== THE PROBLEM ==
Return verbatim the lines that run from the one holding "Det allsidige bordformatet" to the end of the listing, both ends included, without the pictures.

Top of DATA SHOWN

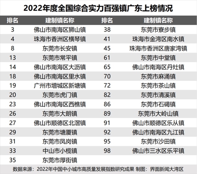 中國中小城市發(fā)展指數(shù)研究課題組、國信中小城市指數(shù)研究院去年發(fā)布的《2022年中國中小城市高質(zhì)量發(fā)展指數(shù)研究成果》顯示,在全國百強鎮(zhèn)名單中,廣東共有29個鎮(zhèn)上榜。其中,東莞虎門鎮(zhèn)位列全國第20名。
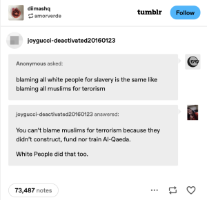 In December of that year, she reposted another Tumblr user who said white people created al Qaeda.
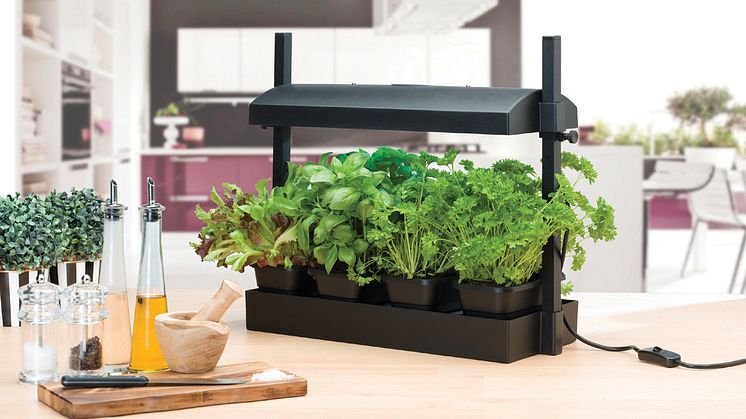 Det allsidige bordformatet gjør innendørsdrivbenken enkel å plassere. Og etter at du har plantet i de små dyrkekassene og fylt på med vann, er innendørsdrivbenken enkel å vedlikeholde og selvgående. Avhengig av klimaet (varme, kulde, soleksponering osv.), sørger innendørsdrivbenken for opptil 14 dagers selvvanning.
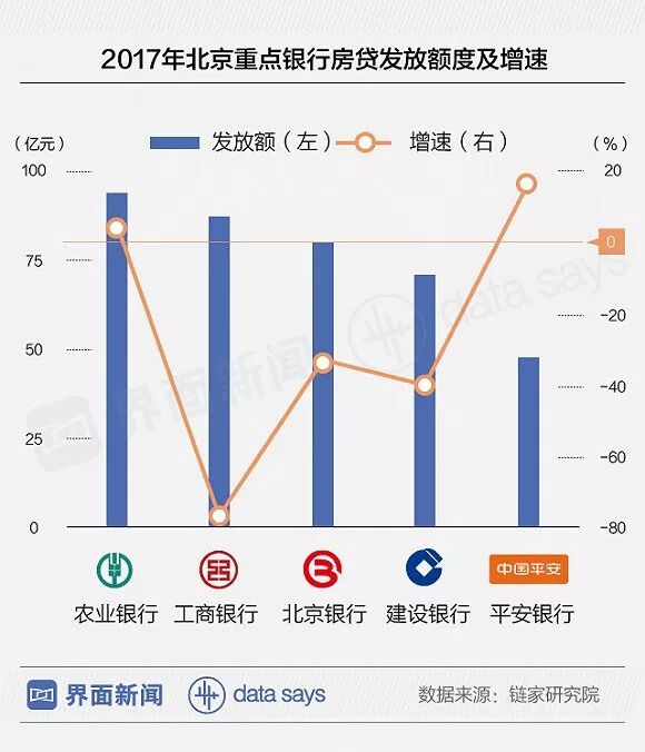 链家研究院数据显示,2017年北京市房贷发放前5名银行共发放房贷378.9亿元,较2016年下滑48.9%,其中工商银行下滑幅度最大,达到76.6%。

Bottom of DATA SHOWN

== EXERCISE ANSWER ==
 Det allsidige bordformatet gjør innendørsdrivbenken enkel å plassere. Og etter at du har plantet i de små dyrkekassene og fylt på med vann, er innendørsdrivbenken enkel å vedlikeholde og selvgående. Avhengig av klimaet (varme, kulde, soleksponering osv.), sørger innendørsdrivbenken for opptil 14 dagers selvvanning.
 链家研究院数据显示,2017年北京市房贷发放前5名银行共发放房贷378.9亿元,较2016年下滑48.9%,其中工商银行下滑幅度最大,达到76.6%。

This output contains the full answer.